ルクセンブルク「公共交通無料」はどれだけ便利? 乗り物も個性的、風光明媚な車窓が満喫できる
ルクセンブルクという国を知っているだろうか。欧州にある小国で、面積は神奈川県ぐらいしかない。ドイツ・フランス・ベルギーに囲まれた内陸国で、日本からアクセスする場合はドイツのフランクフルトやフランスのパリから行くのがポピュラーだ。
この小さな国が最近、交通関係者の間で注目されている。2020年3月から公共交通を無料としたからだ。欧米では以前の記事「公共交通『住民はタダ』、なぜ実現できたのか」で紹介したエストニアの首都タリンのように、都市や地域について無料化の実例はあったが、国全体では初めてと思われる。
無料化に踏み切った背景
欧州の都市交通は日本と違い、税金や補助金を主体とした運営をしている。ルクセンブルクについてもそれ以前から、収益に占める運賃収入は1割程度だったそうで、公共交通の運賃は1日4ユーロに抑えられていた。

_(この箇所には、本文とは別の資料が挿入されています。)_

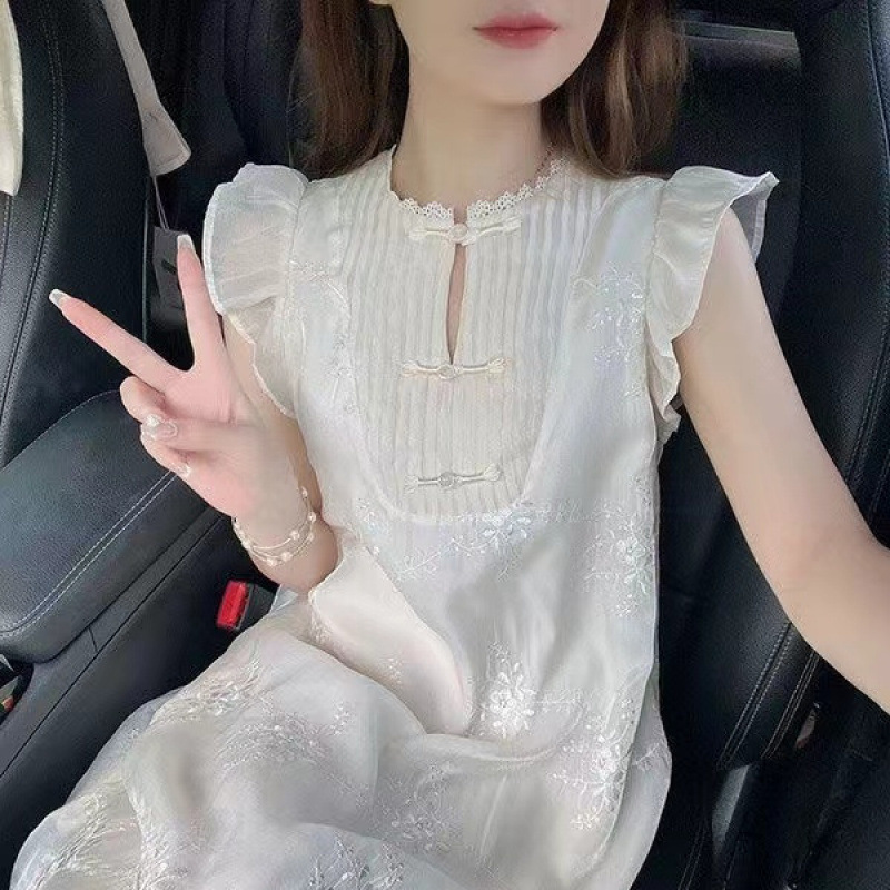 2025 Xia Xin 중국 고급 자수 원피스 플러스 사이즈 부드러운 작은 플라이 소매 긴 원피스

それを無料とした理由として挙げられているのが、この国の裕福さだ。国民ひとりあたりのGDPは世界一で、自動車保有率はEUでトップレベルである。住宅価格も上昇しており、国外からの越境労働者が増えている。その結果、交通渋滞や大気汚染が問題になりつつあり、解決策として無料化に踏み切ったという。
ともあれ国全体で公共交通が無料というのは画期的なことであり、現地を訪れることにした。筆者はパリ東駅からTGVに乗り、終点のルクセンブルク国鉄(CFL)のルクセンブルク中央駅で降りた。